§ **Material provided**
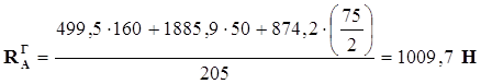 Строим эпюру изгибающих моментов от сил, действующих в горизонтальной плоскости (смотрите рисунок 4.7г). 4.7.4.5 Определение полных реакций опор а.) реакция опоры А:
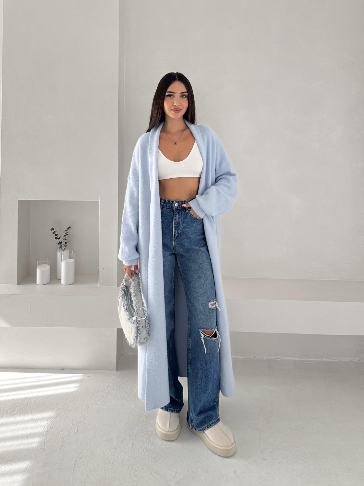Женский Пушистый Голубой Кардиган – Удлиненный Свободного Кроя
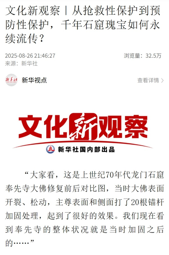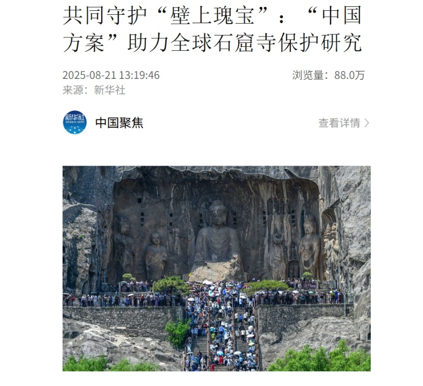 新华社推出多篇重磅报道,其中《智绘中国・世遗镜鉴|数字技术让龙门石窟“芳华永驻”》深度揭秘石窟数字化保护成果,通过超精建模、数字复位等技术手段,让千年纹饰实现“数字永生”;《共同守护“壁上瑰宝”:“中国方案” 助力全球石窟寺保护研究》则聚焦2025石窟寺保护国际论坛,向世界传递中国石窟保护的先进经验。
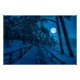 Winterlandschaft mit schneebedeckten Kiefern und Tannenbäumen in einem Mondlicht bei Sternennacht mit Vollmond. Aussicht auf Nadelwald mit Holzweg an der Küste mit schönem Nachthimmel mit Sternen
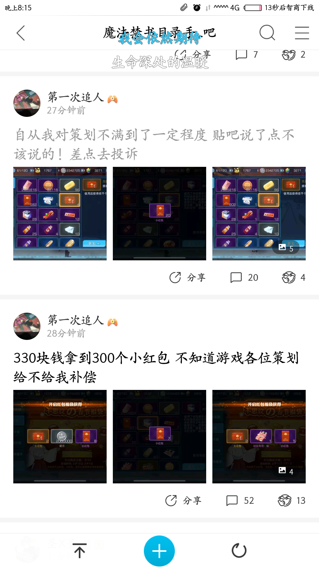 自从我对策划不满到了一定程度 贴吧说了点不该说的!差点去投诉
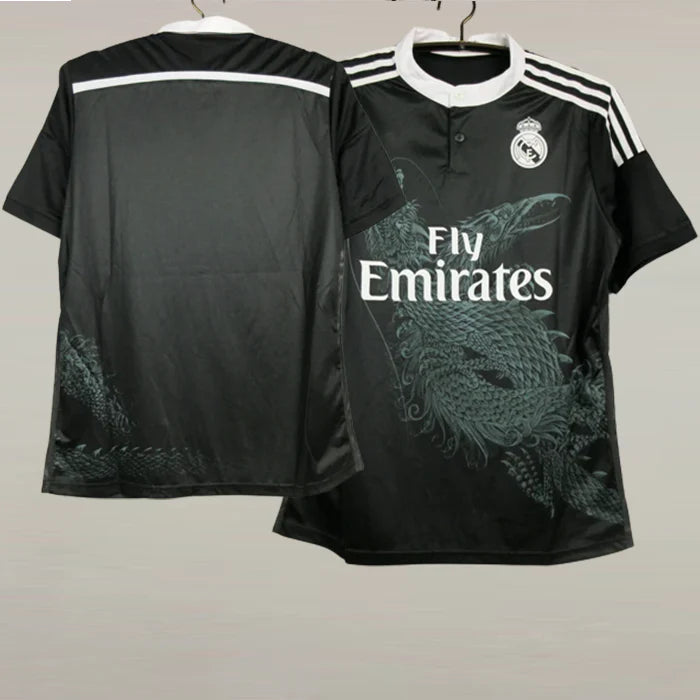 The 2014-15 Real Madrid third kit, designed by Adidas, featured a bold black color with a unique dragon graphic designed by Japanese artist Yohji Yamamoto. The kit had white accents, including the Adidas stripes and sponsor logo, and was paired with black shorts and socks. The dragon symbolized strength and power, making it one of the most iconic and stylish third kits in Real Madrid’s history.
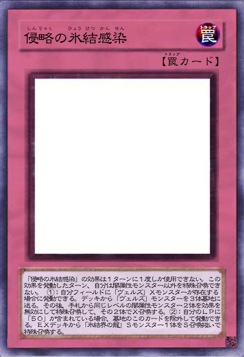 | 「侵略の氷結感染」の効果は1ターンに1度しか使用できない。この効果を発動したターン、自分は闇属性モンスター以外を特殊召喚できない。 ①:自分フィールドに「ヴェルズ」Xモンスターが存在する場合に発動できる。デッキから「ヴェルズ」モンスターを3体墓地に送る。その後、手札から同じレベルの闇属性モンスター2体を効果を無効にして特殊召喚して、その2体でX召喚する。②:自分のLPに「50」が含まれている場合、墓地のこのカードを除外して発動できる。EXデッキから「氷結界の龍」Sモンスター1体をS召喚扱いで特殊召喚する。 | |||

§ **Requirement**
Only the lines starting at the one with "新华社推出多篇重磅报道,其中" and ending at the one with "自从我对策划不满到了一定程度 贴吧说了点不该说的!差点去投诉" should be printed, each exactly as it appears in the material above; the pictures are to be omitted.

§ **The answer**
 新华社推出多篇重磅报道,其中《智绘中国・世遗镜鉴|数字技术让龙门石窟“芳华永驻”》深度揭秘石窟数字化保护成果,通过超精建模、数字复位等技术手段,让千年纹饰实现“数字永生”;《共同守护“壁上瑰宝”:“中国方案” 助力全球石窟寺保护研究》则聚焦2025石窟寺保护国际论坛,向世界传递中国石窟保护的先进经验。
 Winterlandschaft mit schneebedeckten Kiefern und Tannenbäumen in einem Mondlicht bei Sternennacht mit Vollmond. Aussicht auf Nadelwald mit Holzweg an der Küste mit schönem Nachthimmel mit Sternen
 自从我对策划不满到了一定程度 贴吧说了点不该说的!差点去投诉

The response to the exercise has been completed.